**Work item**
A verbatim copy is needed of the lines below from the one containing "Rettangolare con frontale" up to and including the one containing "Tile in main", excluding pictures.

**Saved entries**
────────

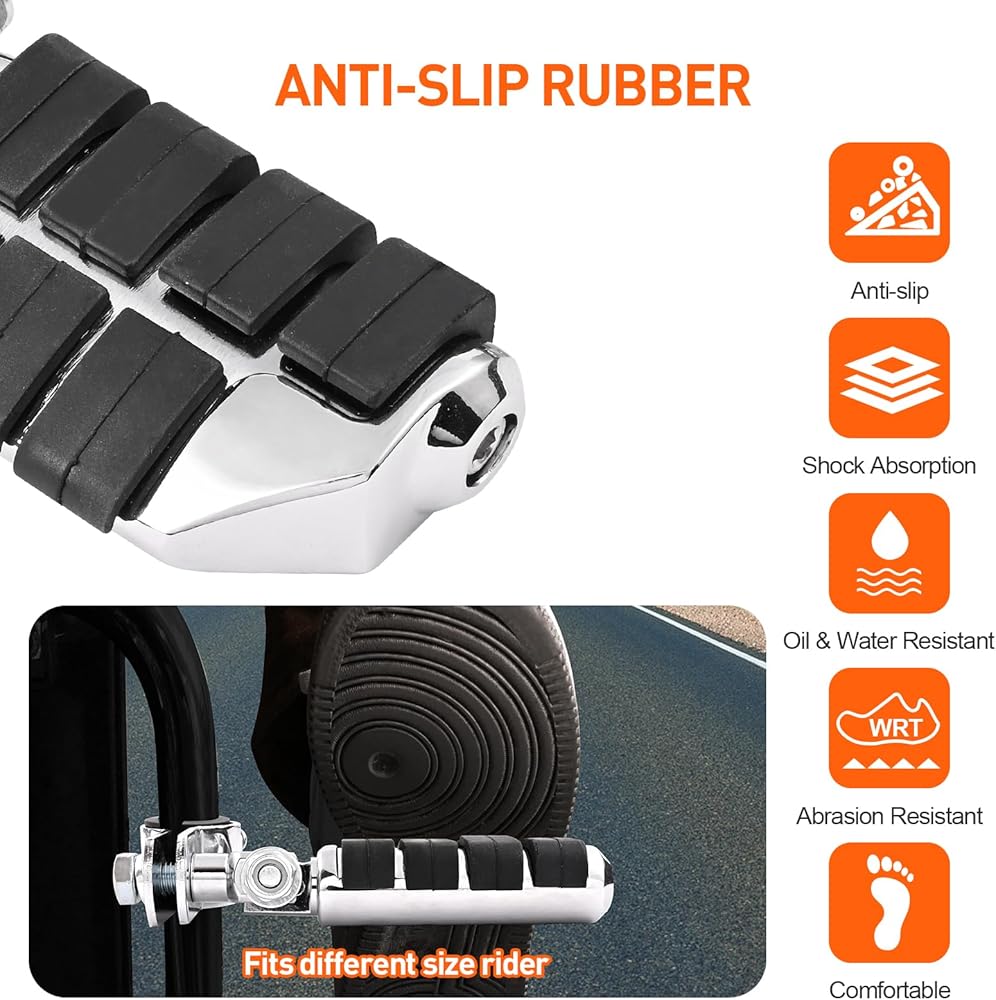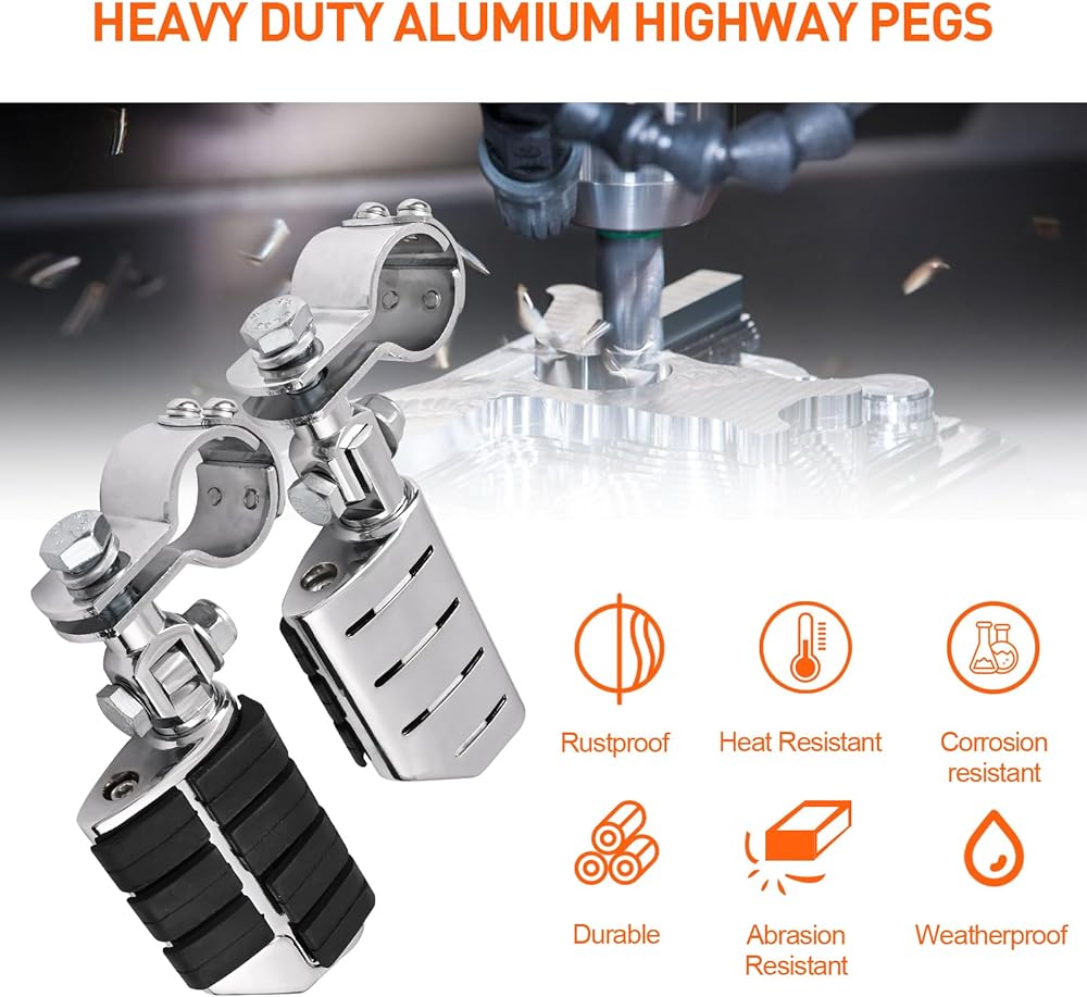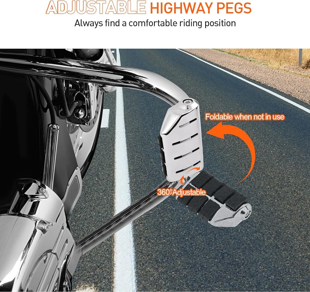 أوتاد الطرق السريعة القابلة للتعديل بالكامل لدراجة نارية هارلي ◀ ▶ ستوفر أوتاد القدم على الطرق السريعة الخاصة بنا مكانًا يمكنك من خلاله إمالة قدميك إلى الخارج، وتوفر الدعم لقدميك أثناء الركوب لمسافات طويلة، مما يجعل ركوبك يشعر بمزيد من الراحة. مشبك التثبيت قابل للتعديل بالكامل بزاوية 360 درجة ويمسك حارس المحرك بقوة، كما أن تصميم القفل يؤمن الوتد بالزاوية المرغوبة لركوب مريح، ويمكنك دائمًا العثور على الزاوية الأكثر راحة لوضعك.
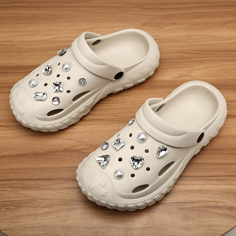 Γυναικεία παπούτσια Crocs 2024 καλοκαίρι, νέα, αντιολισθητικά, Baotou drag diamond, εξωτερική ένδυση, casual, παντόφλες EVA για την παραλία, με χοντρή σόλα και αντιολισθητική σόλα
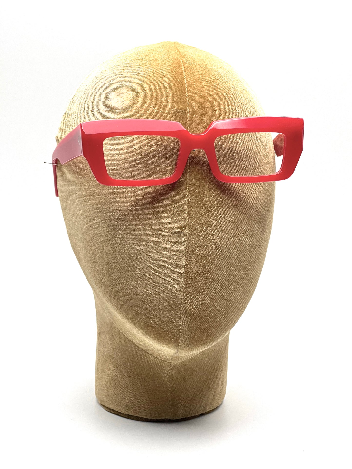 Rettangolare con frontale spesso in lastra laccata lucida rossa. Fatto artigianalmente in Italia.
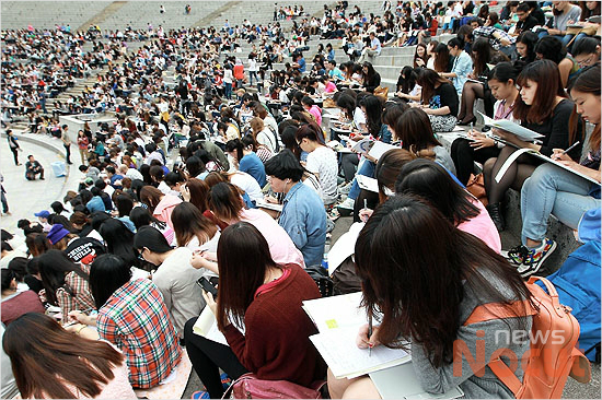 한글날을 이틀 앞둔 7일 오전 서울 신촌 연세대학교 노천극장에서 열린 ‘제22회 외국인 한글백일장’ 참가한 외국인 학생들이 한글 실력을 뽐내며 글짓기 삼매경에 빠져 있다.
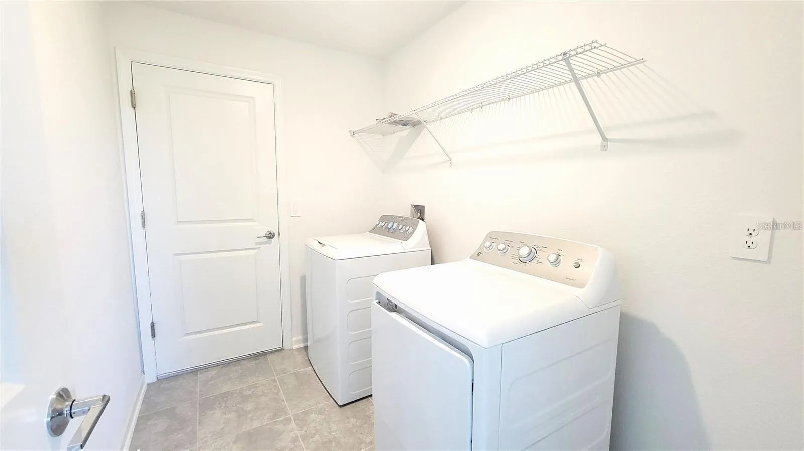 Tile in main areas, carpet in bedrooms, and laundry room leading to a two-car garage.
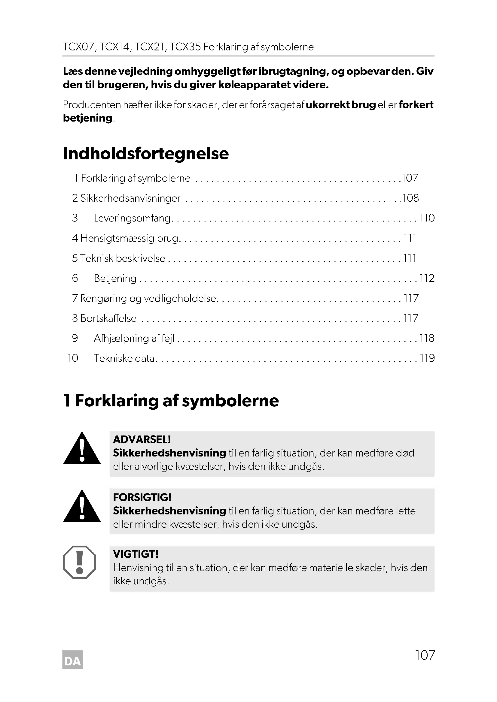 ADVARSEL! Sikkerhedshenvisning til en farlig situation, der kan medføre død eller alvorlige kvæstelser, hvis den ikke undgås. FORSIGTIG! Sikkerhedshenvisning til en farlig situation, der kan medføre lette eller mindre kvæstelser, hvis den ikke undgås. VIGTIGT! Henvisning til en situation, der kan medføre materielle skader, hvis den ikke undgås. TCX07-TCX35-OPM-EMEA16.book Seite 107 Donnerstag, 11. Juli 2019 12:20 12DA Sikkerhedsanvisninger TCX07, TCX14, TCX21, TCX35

────────

**Answer to the exercise**
 Rettangolare con frontale spesso in lastra laccata lucida rossa. Fatto artigianalmente in Italia.
 한글날을 이틀 앞둔 7일 오전 서울 신촌 연세대학교 노천극장에서 열린 ‘제22회 외국인 한글백일장’ 참가한 외국인 학생들이 한글 실력을 뽐내며 글짓기 삼매경에 빠져 있다.
 Tile in main areas, carpet in bedrooms, and laundry room leading to a two-car garage.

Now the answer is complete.